First of all, do not confuse digital v. analog with HD v. standard definition. HD signals are all digital, but standard def signals can be either digital or analog. It is ANALOG SIGNALS that will go away next year; some (if not most) TV will still be at standard definition after the switchover.
Secondly, I notice that you had a Sony in the W3000 series. My TV, a KDL52XBR4, is somewhat similar. I too was horribly disappointed in its SD performance out of the box until I discovered that its default settings were not optimal for viewing SD pictures. A simple tweak to the defaults of the DRC mode and palette settings, including turning DRC mode completely off (it comes preset to Mode 1) GREATLY improved (I mean a really HUGE improvement!) the quality of the picture for standard definition programming without adversely affecting the HD picture quality from any source at any resolution. Also, turning all motion enhancement off brought about an improvement, but not as great as the DRC thing.
(I do not know for sure that the W series sets have these adjustments. I'm glad my set does, though).
I also use "Full Pixel" in my display resolution settings.
I also have my home theater system, audio and video from all sources, fed via HDMI cables through an Onkyo receiver that upconverts everything to some extent.

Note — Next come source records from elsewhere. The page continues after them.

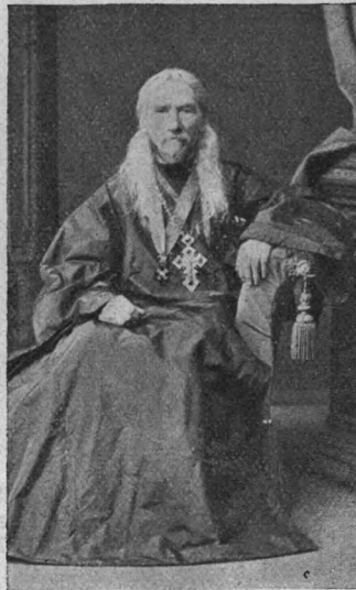
Протоіерей Теодоръ Іовлевичъ Іовлевъ (1860—1879 гг.).
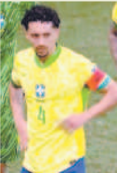
Marquinhos, capitán de Brasil.

Se viene la fecha 14 de las eliminatorias rumbo a la Copa Mundial 2026 y en ella se vivirá uno de los partidos más esperados durante la competencia, el enfrentamiento entre Brasil y Argentina, el cual siempre cuenta con buenos goles, grandes estrellas del mundo del fútbol y un ambiente incomparable dentro y fuera del estadio.
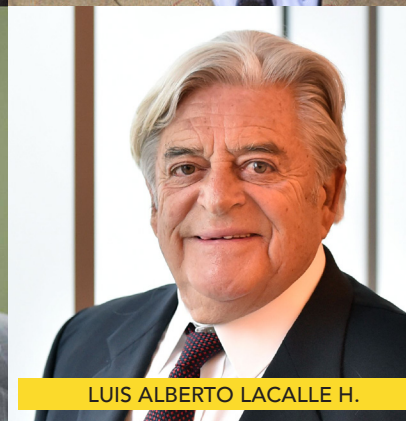
LUIS ALBERTO LACALLE H.
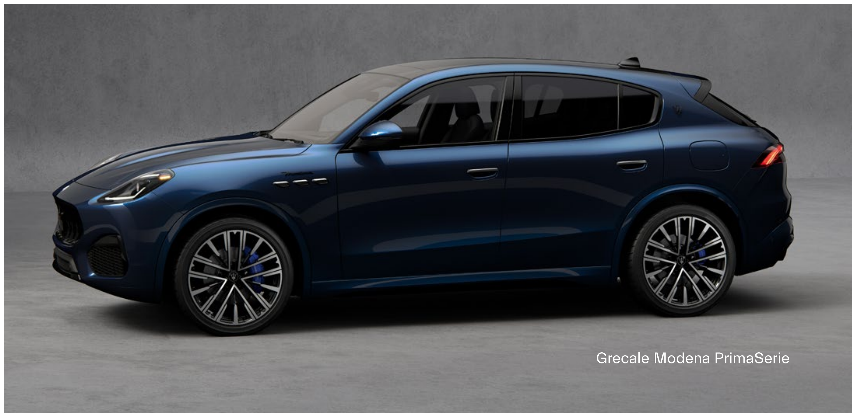
Grecale Modena PrimoSerie
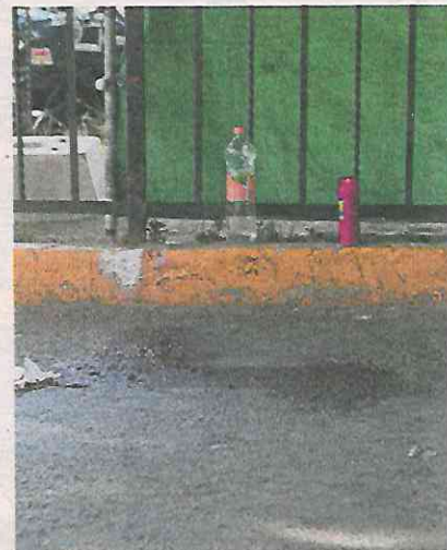
La comerciante recibió los impactos en las costillas y la yugular.
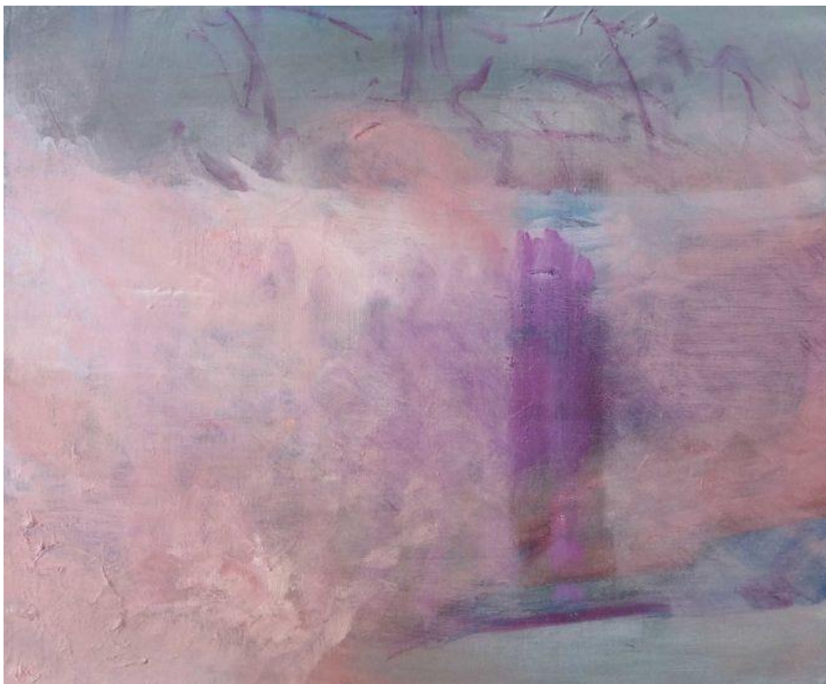
Le reste du vitrail, 2019, huile sur toile, 33 x 41 cm
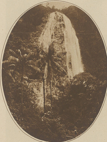
Ein Wasserfall im Innern des brasilianischen Hochlandes
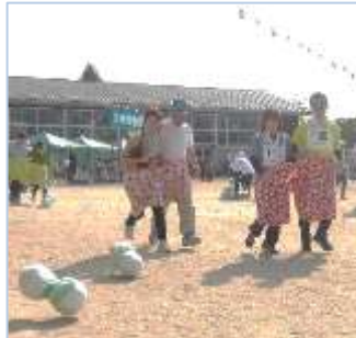
↑デカパン競争では、変形ボールの行方に苦戦しつつも協力してゴールを目指しました。
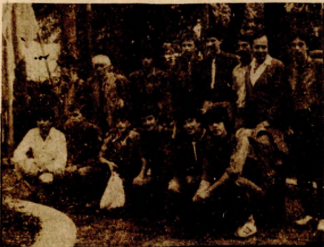
Izviđači Odreda „Vid Nježić“ prilikom nedavnog pohoda do Kuća cvijeća

ZAPAŽENA AKTIVNOST PRNJAVORSKIH IZVIĐAČKIH ORGANIZACIJA
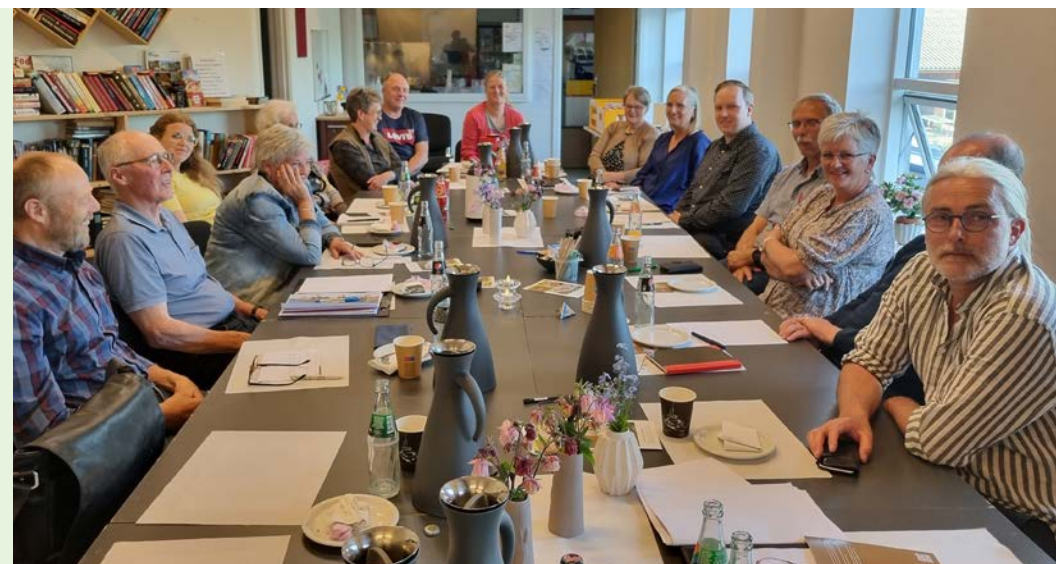
Fra dialogmødet i Givskud Hallens lokaler
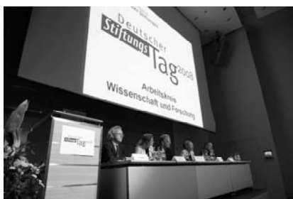
Podium des Arbeitskreises Wissens. & For.

Die in Wissenschaft und Forschung aktiven Stiftungen verständigten sich über die Integration europäischer Hochschulen durch den Bologna-Prozess. Stiftungen als Bildungs-Innovatoren waren Gegenstand des
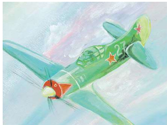
Воздушный бой. Рисунок Дмитрия Новикова (Корочанская школа им. Д. Кромского)
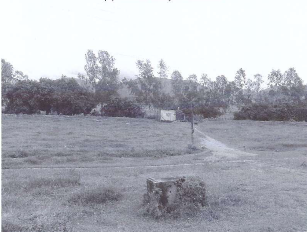
FIGURA 2: Fotos da Vistoria
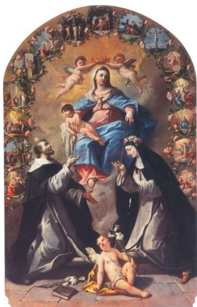
Slika 4. Gaspere Diziani, Bogorodica od Ružarija sa sv. Dominikom i sv. Rozalijom Limskom , 1758., ulje na platnu, 242 x 153 cm, crkva Rođenja Blažene Djevice Marije, Završje
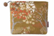
ENCHANTÉE - Gold 1004069
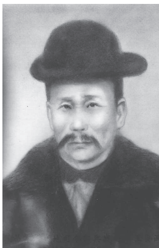
武昌起義，戰地司令部兵戰司令王安瀾將軍畫像。

如欲更进一步瞭解，王安瀾將軍事功。請參閱民國九十年，棗陽文獻第十九期，其外孫蕭平先生所撰將軍之路。——記外祖父王安瀾將軍戰鬥的一生。
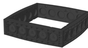
Rám 220 mm Obj. č.: 06 328 0052E 5 × Ø 110 5 × Ø 110 Hmotnost: 25 kg
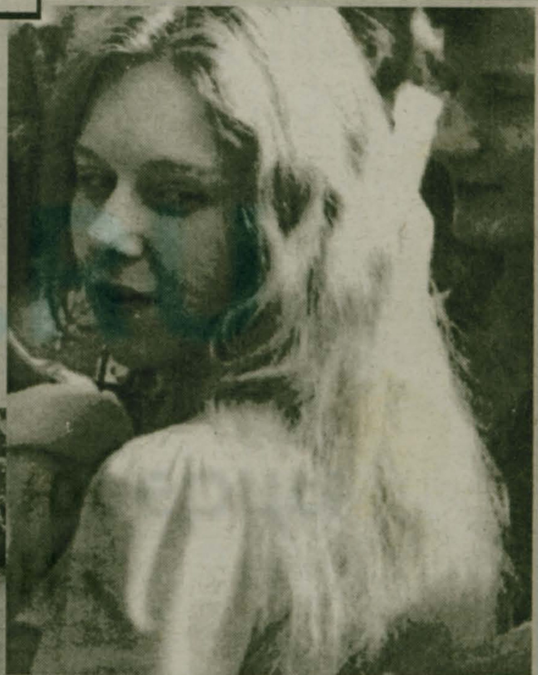
На снимках: прекрасная незнакомка; поднять паруса!
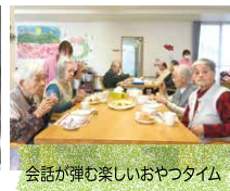
会話が弾む楽しいおやつタイム
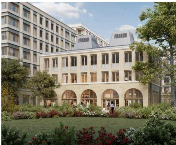
Le bâtiment viendra se glisser dans le projet La Hora, un îlot de 5 immeubles qui seront construits le long du cours Charlemagne. Visuel Octav Tirziu
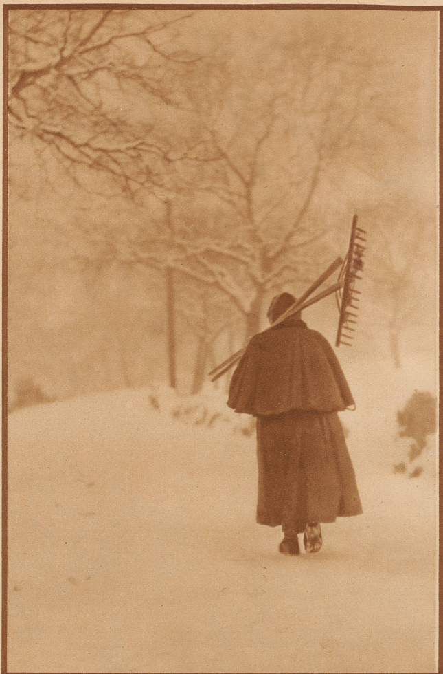
In Berlin hat man eigenartige Begriffe von der Winterarbeit der Bergbauern. Ein Berliner Photograph schreibt uns zu diesem Bild: «Aufstieg zur Weide um die verschneiten Felder freizulegen (Schweiz).» Ein Glück, daß nicht alle Photographen in Berlin «Oekonomieräte» sind!
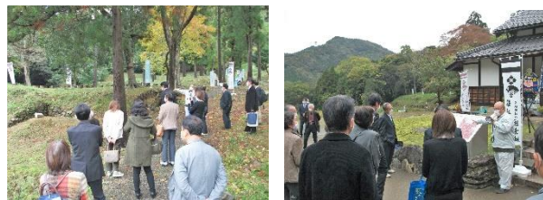
おおい町人権教育推進協議会 (18名)
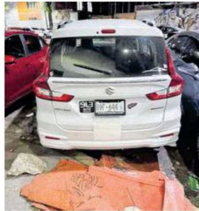
Karla fue agredida en su vehículo

El lunes se prevé una protesta pacífica afuera de la Fiscalía local para exigir justicia para la conductora de Uber
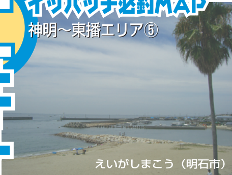
えいがしまこう (明石市)

■サーフが続く林崎から東二見までの単調な海岸線のなかで、播磨灘に突き出すように造られたのが江井ヶ島港だ。水深があり潮通しもよいため、多くの魚種が集まり好釣り場になっている。古くからカレイやキスなどの投げ釣りでは知られていたし、周辺のサーフにある小突堤も投げ釣りが面白い。このエリアではタチウオが狙える数少ないフィールドだ。港入口付近には有料駐車場、トイレもあるので家族連れでサビキ釣り、チョイ投げなどを楽しむのもいだろう。

I must say, though, that my Sony BDP-S300 Blu-Ray player does an absolutely FABULOUS job upconverting standard definition DVDs (I also have a Toshiba HD-A30 HD-DVD player that does an OK job upconverting but nowhere nearly as smooth as the Sony).
Please understand, however, that because your screen is so much larger and sharper you notice shortcomings in standard definition broadcasting far more emphatically than you do on a smaller-screen standard definition set, or on the usually blurry SD projection sets. You are not actually getting a worse picture, just a much bigger one where the lower resolution is much more apparent, PARTICULARLY when compared to 1080i signals from the HD Theater stations (or the magnificent 1080p pictures from Hi-Def disks) and whatnot.
New stuff often makes content designed for the old stuff less satisfactory, simply because the new stuff is so much better and it suffers from the comparison. What're you gonna do?